The Most Dangerous Cloud Misconfigurations in 2025

After conducting penetration tests across hundreds of cloud environments in 2025, we’ve identified patterns. The same misconfigurations appear repeatedly, and they’re often trivial to exploit.

Here’s what we’re finding, why it matters, and how to fix it.

The Numbers

Recent research reveals the scope of the problem:

  • 68% of organizations experienced a cloud security incident in the past 12 months
  • 99% of cloud identities are considered over-privileged
  • 31% of S3 buckets are publicly accessible when first discovered
  • 47% of Azure security failures stem from storage misconfigurations
  • 55% of GCP service accounts have credentials older than 12 months
  • $4.88 million average cost of a misconfiguration-related breach
  • 43 average number of misconfigurations per cloud account

These aren’t theoretical risks. They’re active exposures we exploit during authorized penetration tests.

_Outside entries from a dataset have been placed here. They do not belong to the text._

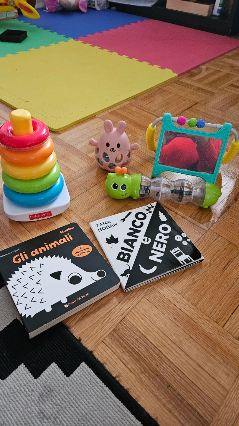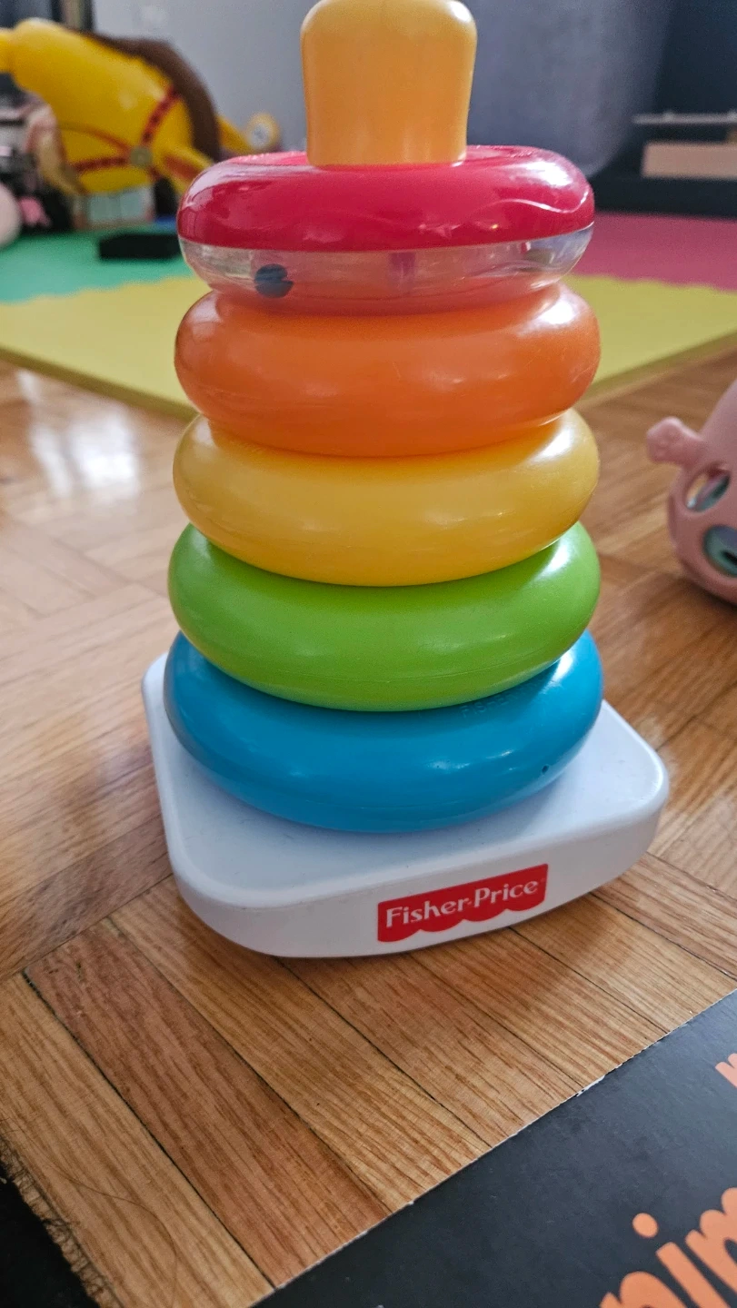 Classic Fisher-Price Rock-a-Stack toy with five colourful rings. Great for baby's development and sensory exploration. Includes the stacker base and rings.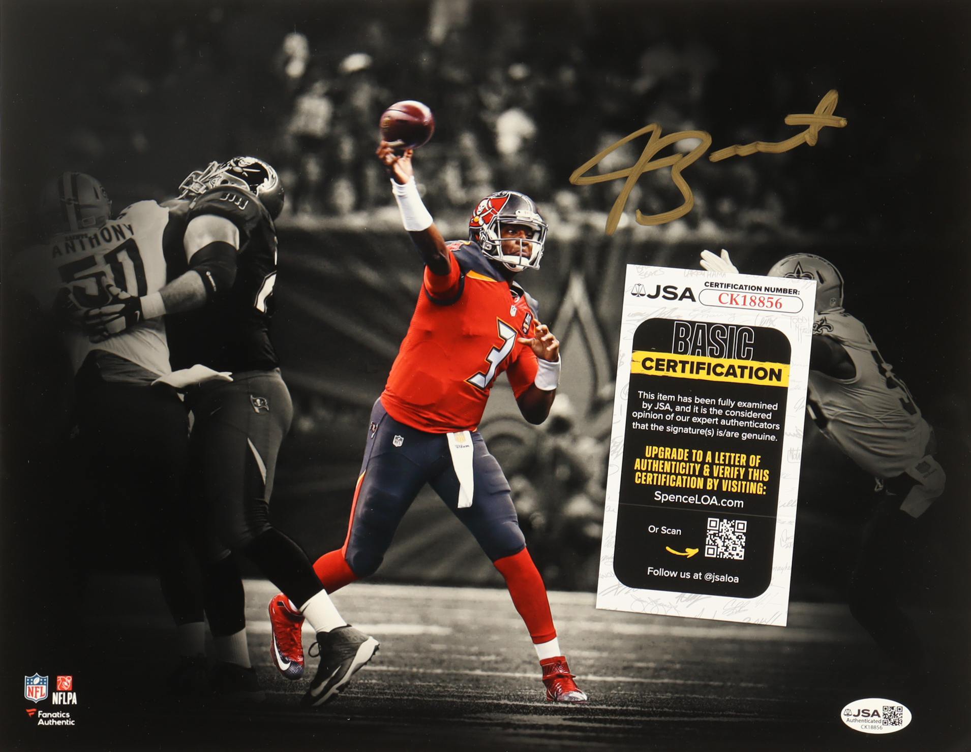 Photo measures 11" x 14" in size and has been hand-signed by Jameis Winston (Tampa Bay Buccaneers).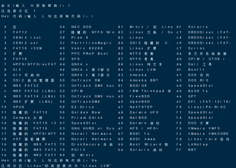 輸入t設置分區的類型,可輸入L獲取所有分區類型的代碼,這里我使用8eLVM分區類型。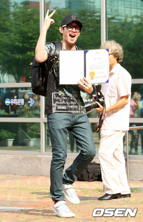 김희철은 팬들의 함성 속에 구청장으로 받은 표창장을 품에 안고 씩씩한 걸음걸이로 걸어나왔다. 환한 미소와 함께 표창장을 자랑하듯 손으로 브이를 연신 그려가며 자신의 차량으로 향했다.
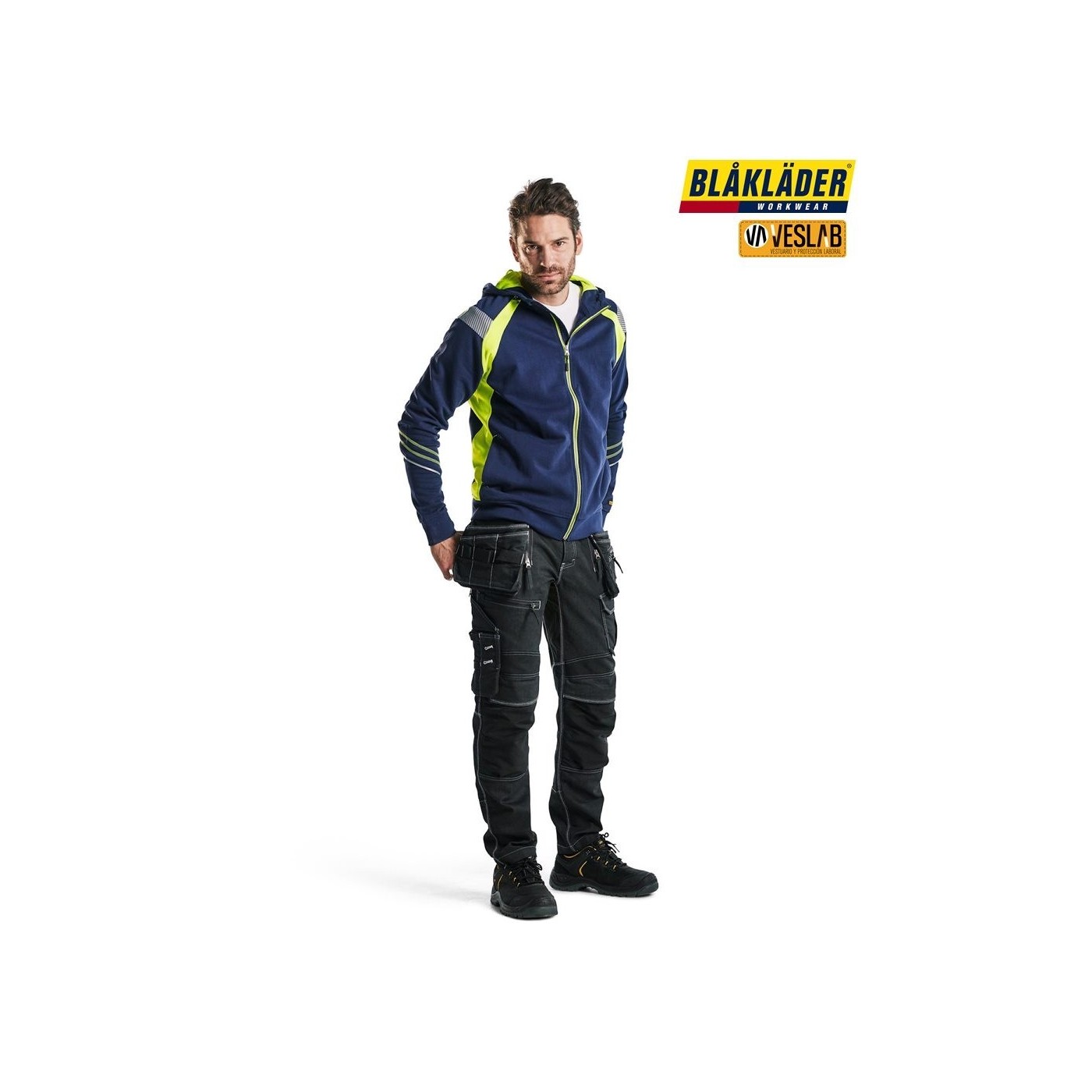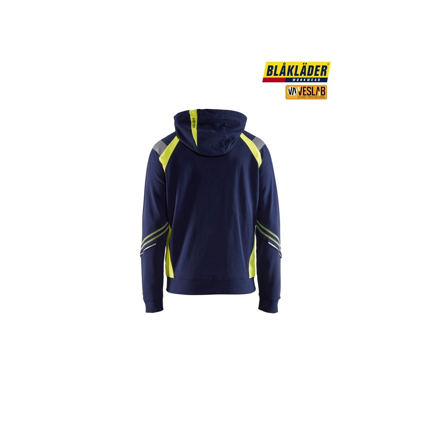 Dessuadora amb caputxa suau molt còmoda confeccionada en cotó. Té panells i detalls reflectants d'alta visibilitat per a major visibilitat, vora a la part inferior i en les mànigues i butxaca interior per al telèfon amb cremallera. L'àrea fosca de l'suèter consisteix en 100% cotó i l'àrea d'alta visibilitat en 100% polièster.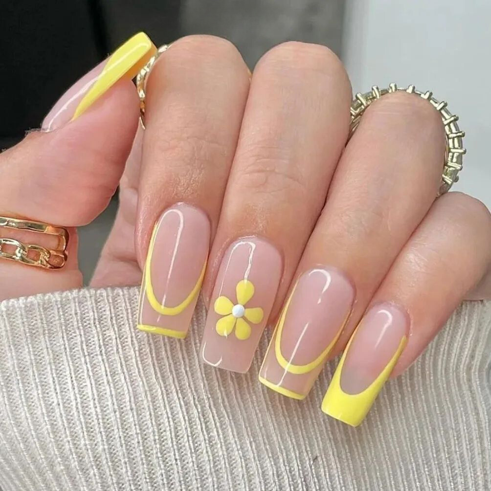 You can brighten your day and be happy with these playful Gel nails that give a sunny twist to the classic French tip. The deep yellow tips are decorated with a cute little daisy that creates a cheerful vibe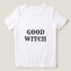 Dia de as Bruxas engraçado moderno e fofo - Boa Bruxa Negra e Branca - Camisa Tripla. Este recurso de design de camisa é texto em letras brancas com um pequeno sotaque gótico. Comemore o Halloween em estilo com esta camisa de design da tipografia "Boa Bruxa" personalizada que pode ser personalizada com o seu texto preferido de Boa, Má ou Outra Bruxa.

AWS: The Top Exploited Misconfigurations

1. S3 Bucket Exposure

The finding:

31% of S3 buckets are publicly accessible at time of creation. Many contain:

  • Database backups with customer PII
  • Application source code and credentials
  • Internal documentation and architecture diagrams
  • Log files containing session tokens and API keys

Real-world example:

During a recent pentest, we discovered an S3 bucket named [company]-backups exposed publicly. Contents:

  • PostgreSQL database dumps from production
  • Environment files (.env) containing AWS access keys
  • SSH private keys for production servers
  • Customer data in plaintext CSV exports

Total time to discover and download: 12 minutes using automated S3 bucket enumeration.

How to exploit:


# Find exposed buckets (authorized testing only)
aws s3 ls s3://[target-company-name]-backups --no-sign-request

# Download everything
aws s3 sync s3://[bucket-name] ./exfiltrated-data --no-sign-request

How to fix:

  1. Block Public Access at the account level (applies to all buckets)
  2. Enable S3 Block Public Access for the organization (applies to all accounts)
  3. Audit existing buckets using AWS Config or CSPM tools
  4. Implement bucket policies requiring encryption and authenticated access
  5. Use VPC endpoints for S3 access from EC2 (traffic never leaves AWS network)

2. IAM Over-Permissioning

The finding:

99% of cloud identities have more permissions than they actually use. Common patterns:

  • EC2 instance roles with AdministratorAccess or PowerUserAccess
  • Service accounts with wildcard (*) permissions
  • IAM users with both console and API access (principle of least privilege violation)

Real-world example:

We compromised an EC2 instance via an unpatched web application vulnerability. The instance role had AdministratorAccess policy attached.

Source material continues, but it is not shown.